6. The virtual power plant multi-scale market coordinated bidding and dispatching method according to claim 1, characterized in that, The method of projecting the high-dimensional operation model of the virtual power plant onto a two-dimensional plane with exchange power and operating cost as coordinates through vertex search to obtain an equivalent projection model includes: using the exchange power and operating cost of the virtual power plant as coordinate variables of the two-dimensional projection plane; The linear programming problem is solved sequentially along multiple uniformly distributed search directions in the two-dimensional projection plane to determine all vertices of the projected polygon; The vertices are connected into a convex polygon using the convex hull algorithm, resulting in an equivalent projection model that is precisely described by a set of linear inequalities.
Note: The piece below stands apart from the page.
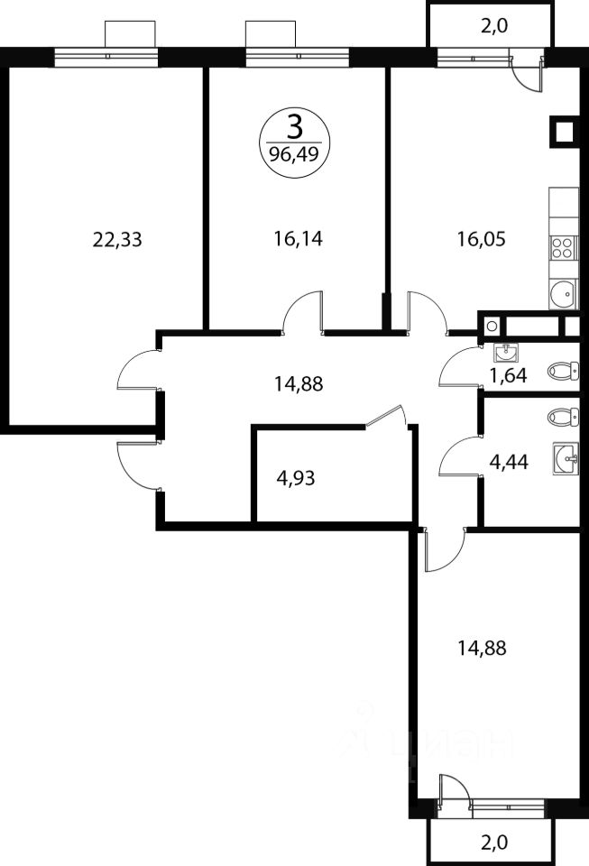 Продаётся 3-комнатная квартира в строящемся доме (Корпус 1), срок сдачи: IV-кв. 2026, общей площадью 96.49 кв.м., на 2 этаже. Расположение, транспортная доступность В состав жилого комплекса ''Катуар'' входят 43 пятиэтажных дома и разнообразная инфраструктура. Это целый посёлок, разместившийся на территории более 30 гектар. Своё название комплекс получил в честь промышленника Льва Катуара, владевшего здесь в XIX веке керамическим заводом, благодаря которому и появился посёлок Некрасовский. До МКАД отсюда 22 километра. Совсем рядом, в пятистах метрах, располагается Дмитровское шоссе. До ближайшей станции московского метро ''Алтуфьево'' можно доехать за 35-40 минут. В трёхстах метрах от комплекса расположена железнодорожная станция ''Катуар'', от которой отходит множество электропоездов до Савёловского вокзала Москвы (самый быстрый из них преодолевает это расстояние за 41 минуту, а до ближайших станций метро можно доехать ещё быстрее). Это самый удобный способ добраться от ЖК до столицы. Примерно в 30-35 минутах езды от комплекса располагаются подмосковные города Дмитров и Мытищи. Инфраструктура В жилом комплексе ''Катуар'' имеется собственная внутренняя инфраструктура, которая включает в себя: детский сад, многофункциональный торговый и общественно-деловой центр, магазины, спортивные площадки, зону барбекю, многоуровневый паркинг и другие объекты. Жителям комплекса не придётся каждый день ездить за покупками в соседние поселки. Поблизости от комплекса (в посёлке Некрасовский и в деревне Сухарево), работают: детские сады, школы, больницы, поликлиники, Дворцы культуры, множество магазинов, мясокомбинат ''Дмитровские колбасы'', конные клубы, санаторий, дворянская усадьба ''Марфино'', построенная в готическом стиле, горнолыжные курорты, СПА-отели. Для того чтобы отдохнуть на природе, жителям Катуара не придется уезжать далеко от дома. Поблизости находятся такие природные зоны, как: обширный Марфинский лесопарк, река Уча, река Саморядовка, несколько прудов, Клязьминское и Икшинское водохранилища. Надёжность застройщика Строительством жилого комплекса ''Катуар'' занималась компания ООО ''Специализированный застройщик ''Катуар Девелопмент''. Организация входит в состав образованной в 2002 году группы компаний ''Ферро-Строй'', которая специализируется на строительстве в Москве жилой, коммерческой и социальной недвижимости. На счету группы компаний ''Ферро-Строй'' строительство в Москве жилого квартала ''Ривер парк'', жилых комплексов ''Примавера'', ''Парковая'', ''Дипломат'', бизнес-центров класса А Pallau RB, Pallau NK, Pallau OST, Pallau MD, торгового центра ''Ключевой'', лечебно-профилактического центра на улице Селезневская, ДОУ на улице Корабельная, школы на улице Речников и другие объекты. Архитектура В жилом комплексе ''Катуар'' представлены квартиры улучшенной планировки с количеством комнат от одной до трех и площадью от 29 кв. метров до 119 кв. метров. Потолки будут иметь высоту 280 см. Общая площадь квартир составит 165 тыс. кв. метров. Квартиры сдаются как с отделкой

7. The virtual power plant multi-scale market coordinated bidding and dispatching method according to claim 1, characterized in that, The method of solving intraday bidding decisions using mixed integer programming-deep Q-networks includes: modeling the day-ahead-real-time two-stage bidding decision problem as a Markov decision process, defining a state space that includes grid topology, resource operating status, market environment information and operating cost status, and a mixed action space that includes market-declared power and resource adjustment instructions; Deep Q-networks generate initial action suggestions based on the current state; The mixed-integer programming module aims to minimize the quadratic deviation from the original action proposal. It solves the convex quadratic programming problem under the conditions of power balance, resource physical constraints, external characteristic constraints, and market declaration limits to obtain feasible actions. The action is applied to the virtual power plant system to calculate the reward and update the deep Q network parameters. 8.The virtual power plant multi-scale market coordinated bidding and dispatching method according to claim 1, characterized in that, The selection of active or responsive interaction mode to interact with the power grid includes: when the power grid provides price or demand signals, selecting responsive interaction mode: receiving peak-shaving demand or price signals from the power grid, calculating the minimum cost at each response level according to a preset step size, generating a "response quantity - price" curve and reporting it to the power grid; When the power grid does not provide price or demand signals, the active interaction mode is selected: the aggregated model of the virtual power plant is directly reported to the power grid dispatch center or market clearing engine as a generator-like model. The aggregated model includes power boundaries, ramp boundaries and piecewise linear cost functions.